Internet Access to Company Documents

The Company provides access to its Securities and Exchange Commission ("SEC") filings through its web site at www.lutherburbanksavings.com. After accessing the web site, the filings are available upon selecting "About Us/Investor Relations/Financials/SEC Filings." Reports available include the annual report on Form 10-K, quarterly reports on Form 10-Q, current reports on Form 8-K, and all amendments to those reports as soon as reasonably practicable after the reports are electronically filed with or furnished to the SEC.

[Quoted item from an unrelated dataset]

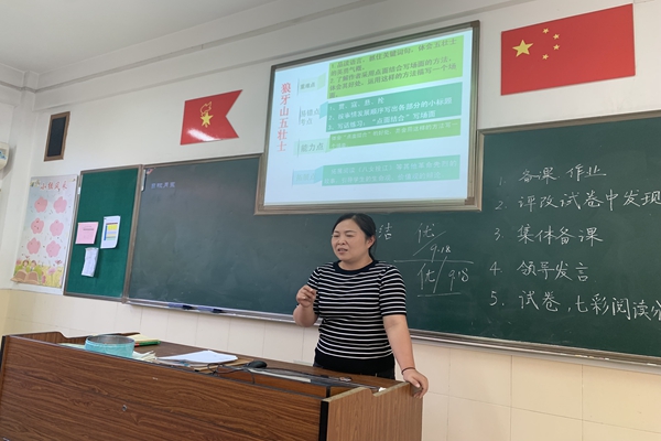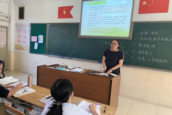 9月18日下午,六年级语文组老师照例集中在六(5)班教室开展备课组活动,就两位老师的课例,抓住第二单元语文要素——“点面结合”开展了研讨活动。
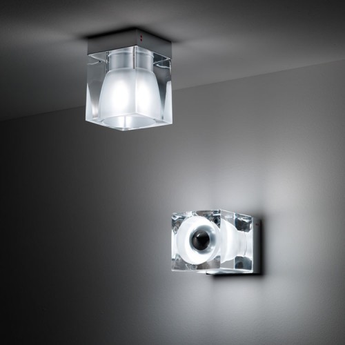 Настенный или потолочный светильник Cubetto. Квадратный рассеиватель из хрусталя (24% окиси свинца), внутренняя часть — пескоструйная обработка. Металлическое крепление из блестящего хрома. Дизайн Pamio. Арт. D28G0100

Luther Burbank Corporation Foundation

Following the recent northern California wildfires, we established the Luther Burbank Corporation Foundation ("Foundation") which was granted 501(c)(3) status by the IRS. The Foundation is an all-volunteer organization, having no paid staff and will primarily be funded by Luther Burbank Corporation, as well as from our directors, business partners and a corporate giving program recently implemented that will match employee donations. Grants disbursed from the Foundation will consist of providing disaster relief and rebuilding assistance in and around Santa Rosa following the wildfires as well as making all of its grants that qualify for the Community Reinvestment Act, in the three priority areas (1) social and human services; (2) community development; and (3) education.

Employees
As of December 31, 2017, we had 258 full-time employees and 8 part-time employees. None of our employees is covered by a collective bargaining agreement. We consider our relationship with our employees to be good and have not experienced interruptions of operations due to labor disagreements.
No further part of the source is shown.